==== INFORMATION GIVEN ====

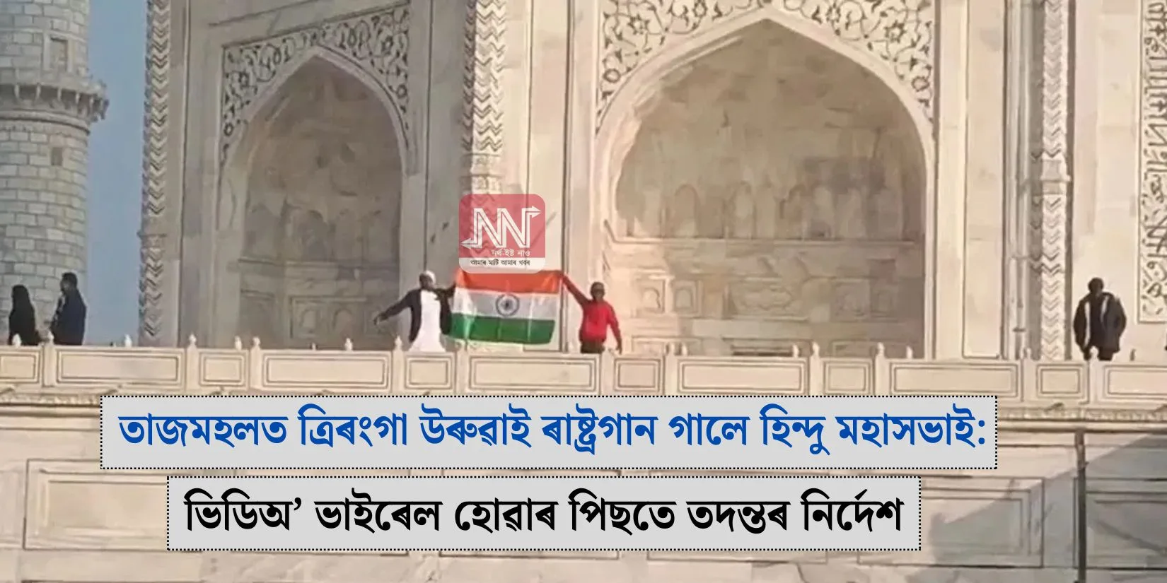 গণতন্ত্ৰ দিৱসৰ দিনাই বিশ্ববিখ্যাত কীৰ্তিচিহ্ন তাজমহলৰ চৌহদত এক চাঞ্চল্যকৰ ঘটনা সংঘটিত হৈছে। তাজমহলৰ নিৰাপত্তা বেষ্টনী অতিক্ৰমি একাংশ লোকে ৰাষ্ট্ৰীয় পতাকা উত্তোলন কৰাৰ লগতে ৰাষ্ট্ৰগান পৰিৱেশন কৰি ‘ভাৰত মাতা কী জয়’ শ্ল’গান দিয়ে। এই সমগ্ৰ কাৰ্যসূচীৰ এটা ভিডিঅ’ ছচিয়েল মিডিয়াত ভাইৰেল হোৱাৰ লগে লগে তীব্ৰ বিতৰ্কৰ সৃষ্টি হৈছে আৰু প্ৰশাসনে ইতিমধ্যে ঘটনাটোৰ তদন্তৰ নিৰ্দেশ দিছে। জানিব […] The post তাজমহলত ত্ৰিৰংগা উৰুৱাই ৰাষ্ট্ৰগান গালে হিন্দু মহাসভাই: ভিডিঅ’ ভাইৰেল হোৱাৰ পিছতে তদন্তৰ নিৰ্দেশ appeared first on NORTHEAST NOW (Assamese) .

====
==== INFORMATION GIVEN ====

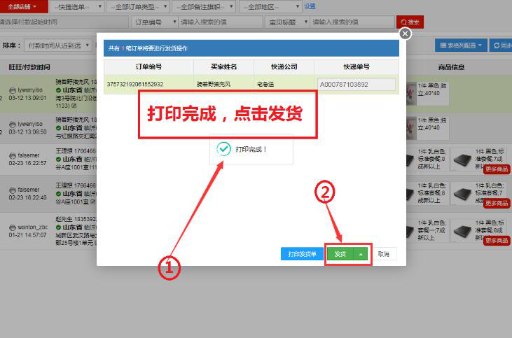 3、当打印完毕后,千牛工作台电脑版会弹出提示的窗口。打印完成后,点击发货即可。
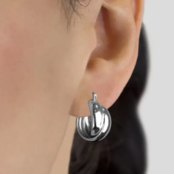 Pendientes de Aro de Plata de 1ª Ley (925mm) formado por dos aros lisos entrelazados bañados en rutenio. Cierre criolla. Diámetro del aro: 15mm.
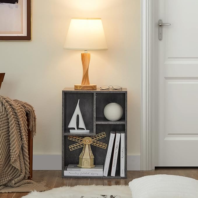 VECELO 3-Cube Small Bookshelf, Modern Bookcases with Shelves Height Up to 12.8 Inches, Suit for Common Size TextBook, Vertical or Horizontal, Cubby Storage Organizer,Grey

====
==== INFORMATION GIVEN ====

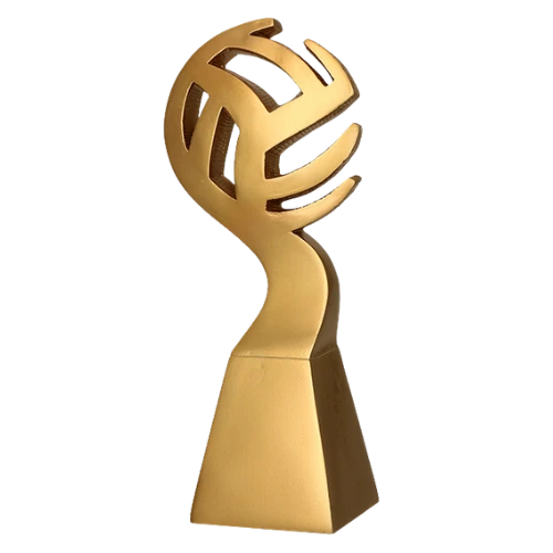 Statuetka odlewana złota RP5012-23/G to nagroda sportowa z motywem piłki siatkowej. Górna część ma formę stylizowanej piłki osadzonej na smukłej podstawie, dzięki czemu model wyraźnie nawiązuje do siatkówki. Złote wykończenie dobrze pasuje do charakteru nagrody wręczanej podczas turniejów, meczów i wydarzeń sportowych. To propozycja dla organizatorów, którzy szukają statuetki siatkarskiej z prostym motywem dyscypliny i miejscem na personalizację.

====

_WHAT NEEDS TO BE DONE_. Look through the listing above for the line with "Pendientes de Aro" and the line with "VECELO 3-Cube Small". Write out exactly those lines and everything between, leaving out pictures.

_SOLUTION_.
 Pendientes de Aro de Plata de 1ª Ley (925mm) formado por dos aros lisos entrelazados bañados en rutenio. Cierre criolla. Diámetro del aro: 15mm.
 VECELO 3-Cube Small Bookshelf, Modern Bookcases with Shelves Height Up to 12.8 Inches, Suit for Common Size TextBook, Vertical or Horizontal, Cubby Storage Organizer,Grey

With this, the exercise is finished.